For this example, I am building a hypothetical 10m long fence, which is 800mm high.  Now, given that we are using the same 100 by 75mm treated pine sleepers as the rails, and we need the same amount of concrete, aggregate for drainage and ag pipe etc.  The only point of difference price wise are the actual posts. 
Assuming that we use the standard 2.4 lengths of rails we need 5 posts set at 600mm deep.  
For the steel that would be 5 steel posts at 1.4m long at $30.27 per metre for a sub-total of $212 add another $25 for the cost of the 5 cuts and the total is $237 
For the treated pine posts it would be 5 treated pine posts at 2.4m long at $26.40 each (I have assumed the retaining wall is built for longevity using the standard 100 by 200 sleepers) for a sub-total of $132.  Then we need to add the cost of the galvanised coach bolts.  Once again doing it properly there are 4 per rail times 16 rails at $1.60 each for a sub-total of $102.40.  Which gives a total cost of $234.40. 
Now, I'm not yet finished.  There is an unfactored time cost for drilling, and bolting up the 64 separate holes, the wastage of about 5m of treated pine, and the durability of the steel over the treated pine. 
Make sense?

----------


## Pulse

Saw those posts advertised in metalcorp brochure today, if I still had it I'd tell you the price!
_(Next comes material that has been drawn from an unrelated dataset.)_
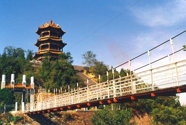 位于五龍峰東部約1.5公里處,主要游覽點(diǎn)有紫金閣、鐵索橋、牡丹園、月季園、植物園等。紫金閣分三層,高33米,每逢節(jié)日,紫金閣頂?shù)囊豢诤殓姂?yīng)和著黃河的波濤發(fā)出宏亮的聲響,聲聞數(shù)里。在岳山寺的懸崖峭壁之間架有一座鐵索橋,橋長(zhǎng)40米,極為險(xiǎn)峻。
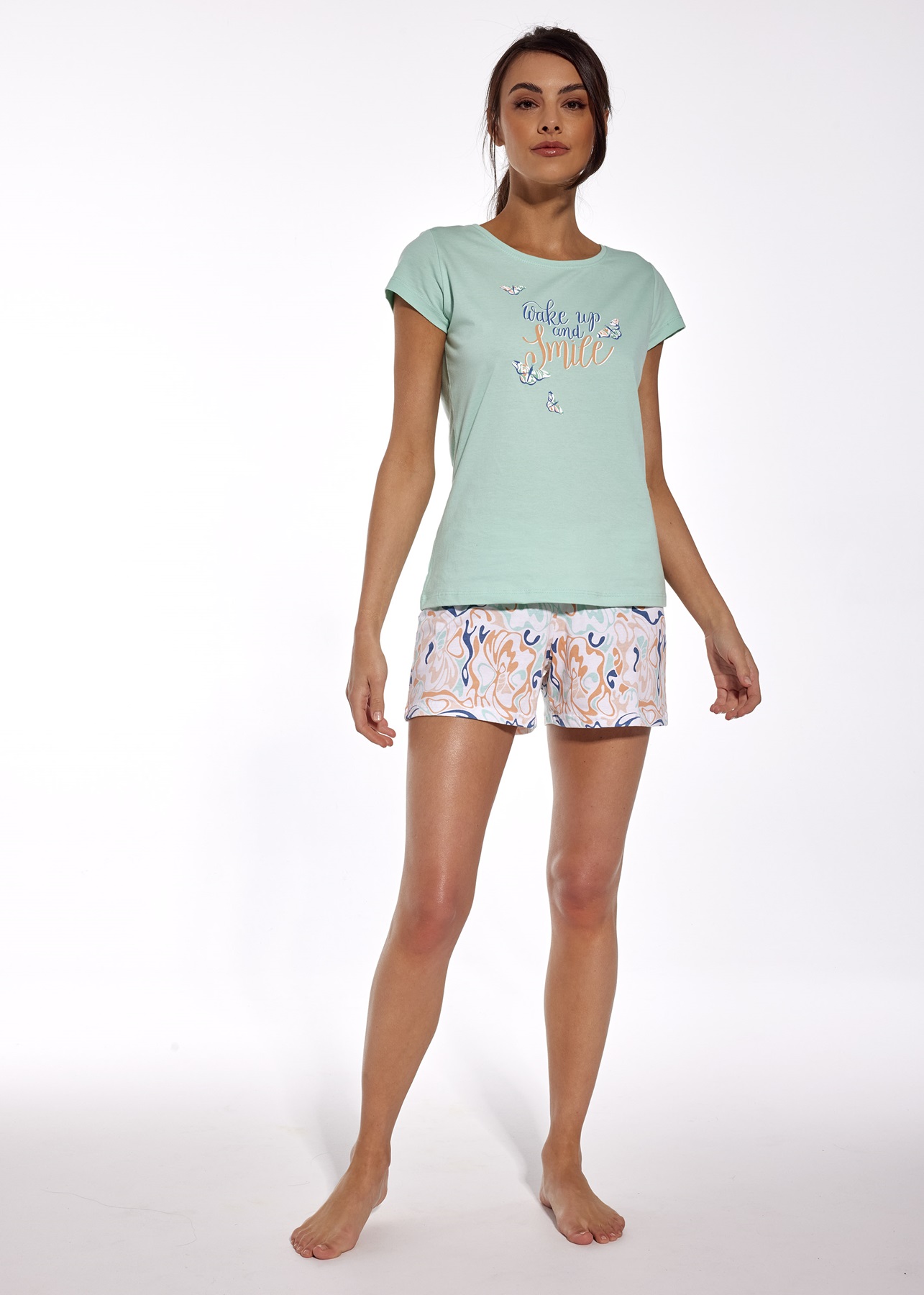 Жіноча піжама-трійка з високоякісної бавовни. Футболка з коротким рукавом, кольоровий принт спереду. У комплект входить дві пари штанів короткі і міді. Склад: 100% бавовна.

It was sold as a retaining wall sleeper post/ 
Cheers
Pulse

----------


## Terrian

> Okay this has been bugging me for a few weeks now, so I thought I would take the ten minutes it takes to figure it out. 
> For this example, I am building a hypothetical 10m long fence, which is 800mm high.  Now, given that we are using the same 100 by 75mm treated pine sleepers as the rails, and we need the same amount of concrete, aggregate for drainage and ag pipe etc.  The only point of difference price wise are the actual posts. 
> Assuming that we use the standard 2.4 lengths of rails we need 5 posts set at 600mm deep.  
> For the steel that would be 5 steel posts at 1.4m long at $30.27 per metre for a sub-total of $212 add another $25 for the cost of the 5 cuts and the total is $237 
> For the treated pine posts it would be 5 treated pine posts at 2.4m long at $26.40 each (I have assumed the retaining wall is built for longevity using the standard 100 by 200 sleepers) for a sub-total of $132.  Then we need to add the cost of the galvanised coach bolts.  Once again doing it properly there are 4 per rail times 16 rails at $1.60 each for a sub-total of $102.40.  Which gives a total cost of $234.40. 
> Now, I'm not yet finished.  There is an unfactored time cost for drilling, and bolting up the 64 separate holes, the wastage of about 5m of treated pine, and the durability of the steel over the treated pine. 
> Make sense?

  I see your figures, and wonder why you would buy 2.4m x 100mm sleepers when you want 1.4m for the posts, buying 2  3.0 x 75  and 1 1.8 x 75 would be a cheaper option,   
Working from memory (about 2 years since I was last selling garden supplies), about $30 each for the 3m sleepers & $14 for the 1.8 sleeper, about $74, add your 102.40 for gal bolts, gives $176.40, quite a lots less than $237, but, thats just my take on it (says he who has just used 3.0m bridge timbers and about 2.4m 'b' grades, expensive way to build a wall) (oh yeah, no bolts  :Smilie:  
75mm  will last just as long  as 100mm for the posts (about 20 years if I recall) and a heck of a lot less wastage.
As for the time factor for drilling holes, really it is a non issue for the person building the wall themselves. 
If you really want the wall to last longer than a lifetime you would use steel posts & concrete panels  :Smilie:  (thats the next wall I build!)

----------


## Planned LScape

Depending on wall height however the 2.4m 75 or 100mm sleepers are the stronger option. Anything over 2 sleepers high I go 2.4 lengths.

----------


## Tubby2

> Saw those posts advertised in metalcorp brochure today, if I still had it I'd tell you the price! It was sold as a retaining wall sleeper post/ 
> Cheers
> Pulse

  I gave them a quick call and the price was $45 l/m. They come in pre cut lengths starting at 900mm and increasing in 300mm increments. These a Galvanised and 5mm thick

----------